In the entries below, filter for the word "noch" and copy every matching line.

DATA
★ ★ ★ ★ ★
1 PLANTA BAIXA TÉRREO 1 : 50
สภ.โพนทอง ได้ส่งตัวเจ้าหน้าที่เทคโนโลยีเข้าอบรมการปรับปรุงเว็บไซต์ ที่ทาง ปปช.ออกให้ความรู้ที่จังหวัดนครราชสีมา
★ ★ ★ ★ ★
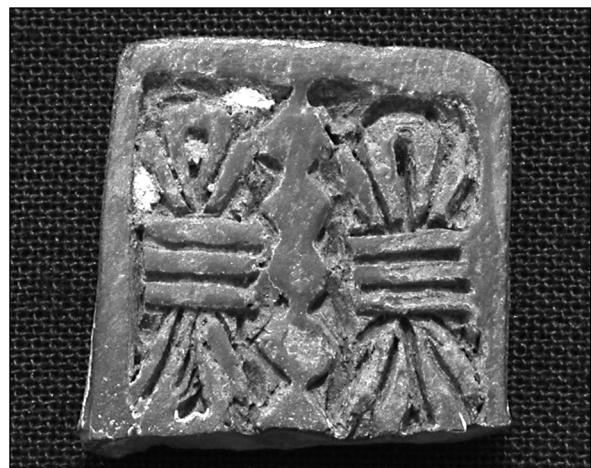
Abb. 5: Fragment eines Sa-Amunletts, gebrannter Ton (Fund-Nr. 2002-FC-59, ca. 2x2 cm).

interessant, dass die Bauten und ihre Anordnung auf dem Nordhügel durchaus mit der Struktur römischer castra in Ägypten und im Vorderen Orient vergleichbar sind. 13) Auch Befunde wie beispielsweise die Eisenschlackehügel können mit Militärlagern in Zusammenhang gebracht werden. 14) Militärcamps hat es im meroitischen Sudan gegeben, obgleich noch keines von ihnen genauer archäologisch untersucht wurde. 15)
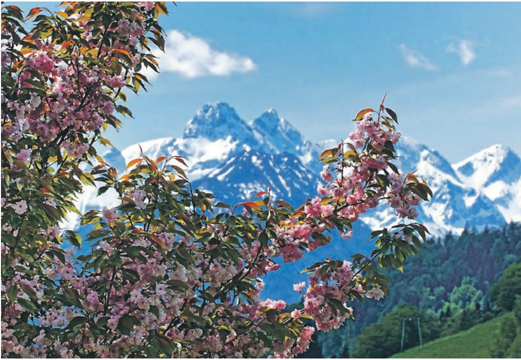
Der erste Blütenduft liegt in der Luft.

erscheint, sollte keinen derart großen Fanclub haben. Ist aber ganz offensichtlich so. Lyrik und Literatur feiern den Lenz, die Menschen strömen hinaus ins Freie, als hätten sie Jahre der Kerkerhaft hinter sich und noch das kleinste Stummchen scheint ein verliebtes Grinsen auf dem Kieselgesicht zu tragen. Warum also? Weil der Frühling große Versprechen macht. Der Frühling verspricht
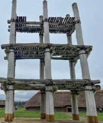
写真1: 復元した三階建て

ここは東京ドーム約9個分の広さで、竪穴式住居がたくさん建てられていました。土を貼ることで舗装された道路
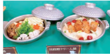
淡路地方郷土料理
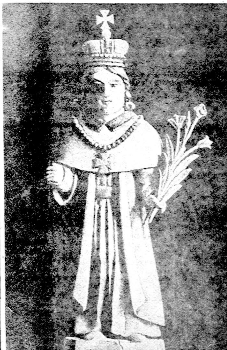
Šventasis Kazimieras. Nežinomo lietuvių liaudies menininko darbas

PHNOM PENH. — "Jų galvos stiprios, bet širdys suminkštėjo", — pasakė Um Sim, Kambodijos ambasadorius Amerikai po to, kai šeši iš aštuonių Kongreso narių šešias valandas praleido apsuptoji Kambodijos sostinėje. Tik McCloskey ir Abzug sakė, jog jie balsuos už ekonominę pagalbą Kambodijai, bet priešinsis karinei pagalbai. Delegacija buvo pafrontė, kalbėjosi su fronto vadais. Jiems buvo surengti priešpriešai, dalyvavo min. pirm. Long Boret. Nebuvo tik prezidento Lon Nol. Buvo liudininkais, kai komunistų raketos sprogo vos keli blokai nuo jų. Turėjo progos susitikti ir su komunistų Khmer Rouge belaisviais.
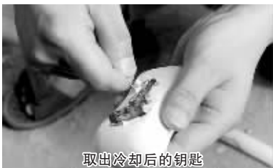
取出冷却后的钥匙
★ ★ ★ ★ ★
REPLY TO THE TASK
interessant, dass die Bauten und ihre Anordnung auf dem Nordhügel durchaus mit der Struktur römischer castra in Ägypten und im Vorderen Orient vergleichbar sind. 13) Auch Befunde wie beispielsweise die Eisenschlackehügel können mit Militärlagern in Zusammenhang gebracht werden. 14) Militärcamps hat es im meroitischen Sudan gegeben, obgleich noch keines von ihnen genauer archäologisch untersucht wurde. 15)
erscheint, sollte keinen derart großen Fanclub haben. Ist aber ganz offensichtlich so. Lyrik und Literatur feiern den Lenz, die Menschen strömen hinaus ins Freie, als hätten sie Jahre der Kerkerhaft hinter sich und noch das kleinste Stummchen scheint ein verliebtes Grinsen auf dem Kieselgesicht zu tragen. Warum also? Weil der Frühling große Versprechen macht. Der Frühling verspricht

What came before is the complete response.